La costruzione chirurgica di un’anastomosi cavopolmonare è un mezzo standard per l’aumento del flusso sanguigno polmonare (aumentando il rapporto tra flusso sanguigno polmonare e sistemico ) come passaggio intermedio alla palliazione chirurgica di bambini con malattie cardiache congenite come l’atresia tricuspide. Come originariamente introdotto da Glenn e Patiño, è stata costruita una vena cava superiore unilaterale allo shunt dell’arteria polmonare destra (40). Tuttavia, i bambini che hanno ricevuto questo” classico ” shunt Glenn hanno sviluppato shunt artero-venoso intrapolmonare. Lo shunt artero-venoso può generalmente essere eliminato mediante l’uso di uno shunt Glenn bidirezionale (ora utilizzato esclusivamente) in cui sia la vena cava superiore che quella inferiore sono anastomizzate all’arteria polmonare. Pertanto, incluso il flusso sanguigno vena cava inferiore (cioè epatico) impedisce la formazione di malformazioni artero-venose, sostenendo il concetto che un enigmatico fattore “epatico” regola in qualche modo lo shunt artero-venoso polmonare.
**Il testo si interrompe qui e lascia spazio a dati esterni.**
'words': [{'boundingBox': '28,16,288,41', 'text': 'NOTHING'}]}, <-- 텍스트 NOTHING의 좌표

Lo smistamento artero-venoso polmonare può essere indotto sperimentalmente nelle pecore interrompendo il flusso diretto di sangue dal fegato ai polmoni. Prove sperimentali a sostegno del ruolo di un fattore epatico putativo sono state riportate da McMullan e colleghi (41), che hanno dimostrato che la classica anastomosi di Glenn (cioè una connessione da SVC a RPA) induceva lo smistamento artero-venoso nel polmone mentre il polmone controlaterale che riceveva esclusivamente il flusso sanguigno IVC (e venoso coronarico) era privo di smistamento. Hanno anche riportato prove anatomiche per vasi di manovra artero-venosi nei polmoni colpiti.
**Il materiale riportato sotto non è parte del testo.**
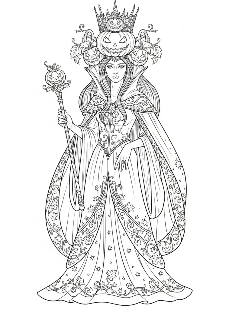 This coloring page features a regal feminine figure dressed in an elegant flowing gown, crowned with a dramatic pumpkin headdress adorned with curling vines and leaves. The crown rises high with intricate details, while smaller jack o lanterns frame her face and add a playful spooky charm. Fine line work fills the gown with swirling patterns, tiny stars, and leaf motifs that flow beautifully from top to hem. The staff she holds echoes the pumpkin theme and balances the composition, giving the entire design a strong, graceful presence that feels magical and slightly eerie.

Insieme, il lavoro di questi ricercatori è coerente con il concetto che la vascolarizzazione polmonare precapillare si rimodellerà in uno stato di shunt artero-venoso in condizioni in cui il normale flusso sanguigno diretto dal fegato al polmone viene interrotto. Da notare, l’evidenza clinica suggerisce che la malattia del fegato induce lo shunt artero-venoso intrapolmonare, un componente della sindrome epatopolmonare. È importante sottolineare che non tutti i vasi di manovra artero-venosi” acquisiti ” sembrano avere un’influenza epatica: la telangiectasia emorragica ereditaria e le malformazioni artero-venose cerebrali non hanno un legame epatico chiaramente riconosciuto.
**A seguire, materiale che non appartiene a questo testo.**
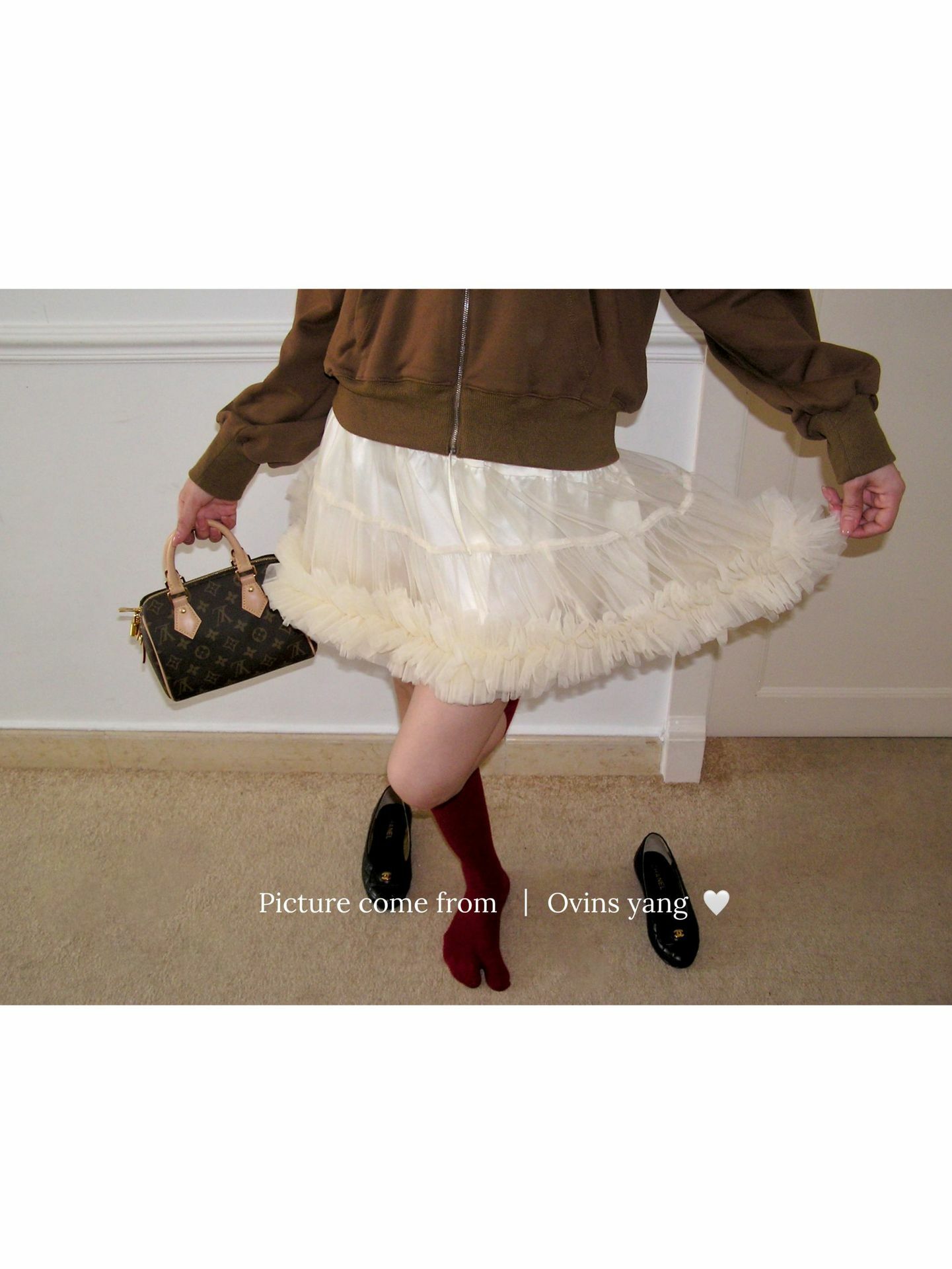 *o-ha-you*【FOY100196】花邊A字短裙半身裙春秋短款甜美減齡少女風百褶裙-3色-如有需要請先諮詢

Dati i risultati dello studio di Galambos e colleghi in questo numero di AnnalsATS e quelli discussi nel presente articolo, si è tentati di ipotizzare che gli shunt artero-venosi polmonari anatomici indotti possano avere un legame unificante con la funzione epatica che merita ulteriori esplorazioni. L’ossigeno è, in realtà, piuttosto una sostanza chimica tossica contro la quale il corpo ha sviluppato elaborati sistemi di difesa (cioè molecole antiossidanti e reduttasi). Il fegato è il principale sito di produzione e ricarica di antiossidanti (ad esempio, glutatione ridotto). In BPD, l’esposizione ai livelli supraphysiologic di ossigeno è prolungata e lo smistamento si sviluppa. Nella classica anastomosi di Glenn, la somministrazione diretta di glutatione ridotto al polmone viene interrotta, inducendo lo smistamento, mentre il Glenn bidirezionale attualmente praticato probabilmente fornisce un livello adeguato se non normale di GSH e antiossidanti ai polmoni e, forse di conseguenza, lo smistamento artero-venoso non è segnalato. Cosa potremmo trovare se confrontassimo il potenziale antiossidante totale del sangue di pazienti con BPD grave che sono morti rispetto a quello dei soggetti di controllo?

In sintesi, abbiamo sostenuto qui che le anastomosi artero-venose intrapolmonari esistono nel polmone maturo e nel polmone fetale e possono contribuire all’inefficienza dello scambio di gas in condizioni sia fisiologiche che fisiopatologiche. Abbiamo focalizzato il contributo di questi canali vascolari all’ipossiemia arteriosa, ma va anche notato che le anastomosi artero-venose intrapolmonari di grande diametro spiegano alcuni stokes criptogenetici (42). Tuttavia, la regolamentazione e i ruoli precisi per queste navi devono ancora essere stabiliti con fermezza, fornendo un settore maturo per le indagini.